A little later, during the so-called Mongol-Tatar yoke, Russia experienced a threat both from the East from the Great Lame (Timur) and from the West from Vitovt, and only an alliance with the Mongols made it possible to protect Russia from invasion.

Mongol-Tatars are to blame for the desolation of Rus'

Here is the generally accepted version. In the XII century, Kievan Rus was a rich country, with magnificent crafts and brilliant architecture. By the XIV century, this country was so desolated that in the XV century it began to be re-populated by people from the north. In the interval between the eras of prosperity and decline, the army of Batu passed through these lands, therefore, it is the Mongol-Tatars who are responsible for the decline of Kievan Rus.

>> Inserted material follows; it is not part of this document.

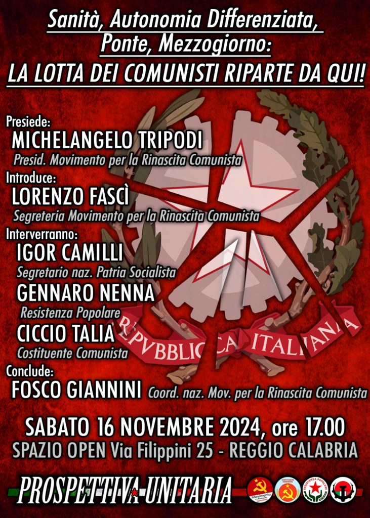 La prima delle quattro manifestazioni nazionali, questa organizzata dal MpRC, si terrà sabato 16 novembre a Reggio Calabria. Già il titolo scelto per la manifestazione (“Sanità, Autonomia differenziata, Ponte, Mezzogiorno/ La lotta dei comunisti riparte da qui!”) da esattamente la cifra politica del progetto strategico di Prospettiva Unitaria, un progetto volto ad unire, radicare ed organizzare i comunisti nelle lotte, nella realtà concreta delle cose, nella società e tra i lavoratori. La lotta per la difesa ed il rilancio della Sanità pubblica, specie nel Sud d’Italia, specie in Calabria, dove per tenere aperti servizi fondamentali della devastata Sanità pubblica è stato necessario ricorrere all’opera di centinaia di medici cubani, è la prima questione che la manifestazione di Reggio Calabria di Prospettiva Unitaria vuole affrontare. Una lotta altrettanto determinata dovrà essere, innanzitutto dai comunisti uniti, lanciata contro l’Autonomia differenziata, un’orrenda merce di scambio tra una Lega sempre più volta alla feudalizzazione del Paese, ad una sempre più netta divisione tra un’Italia più benestante, del nord, e un’Italia ben più povera, del Sud, e Fratelli d’Italia di Giorgia Meloni, che punta ad un premierato come anticipazione di un regime autoritario, antidemocratico e antioperaio. Come una sempre più vasta mobilitazione popolare dovrà essere sostenuta, dai comunisti, da Prospettiva Unitaria, contro il Ponte sullo Stretto, vera ossessione reazionaria del ministro Salvini e vera, ed eventuale, sciagura per tutto il popolo del Meridione che, col Ponte, vedrebbe realizzata un’ opera folle, inutile e già fatiscente sin dalla nascita e la cancellazione di ciò che davvero servirebbe e serve alla Calabria e a tutto il Meridione: nuove infrastrutture ferroviarie, stradali e portuali (ammodernamento, raddoppio ed elettrificazione della ferrovia jonica, alta velocità Salerno – Reggio Calabria, autostrada della jonica, potenziamento porto Gioia e Tauro, ecc.) all’altezza dei tempi e come necessaria parte di un intero progetto di costruzione di infrastrutture degne di un Paese contemporaneo e civile che ora del tutto mancano in Calabria e in tutto il Mezzogiorno e la cui assenza è una delle maggiori basi materiali del mancato sviluppo del Sud d’Italia.

But in fact, everything is not so simple. The fact is that the decline of Kievan Rus began in the second half of the 12th century, or even in the 11th century, when the trade route “from the Varangians to the Greeks” lost its significance due to the fact that the Crusades opened an easier road to the riches of the East. And the invasion of the Tatars only contributed to the desolation of the region, which began 200 years ago.

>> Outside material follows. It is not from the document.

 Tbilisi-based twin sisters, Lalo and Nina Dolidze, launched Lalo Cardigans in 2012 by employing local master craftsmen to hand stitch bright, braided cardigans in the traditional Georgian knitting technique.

The widely held belief that almost all the cities (“they are innumerable”) in Rus' were taken by the Tatars is also incorrect. The Tatars could not stop at every city to destroy it. They bypassed many fortresses, and forests, ravines, rivers, swamps sheltered both villages and people from the Tatar cavalry.

Mongol-Tatars are a primitive, uncivilized people

The opinion that the Tatars were savage and uncivilized is widely held due to the fact that this was the official opinion of Soviet historiography. But, as we have seen more than once, the official is not at all identical to the correct.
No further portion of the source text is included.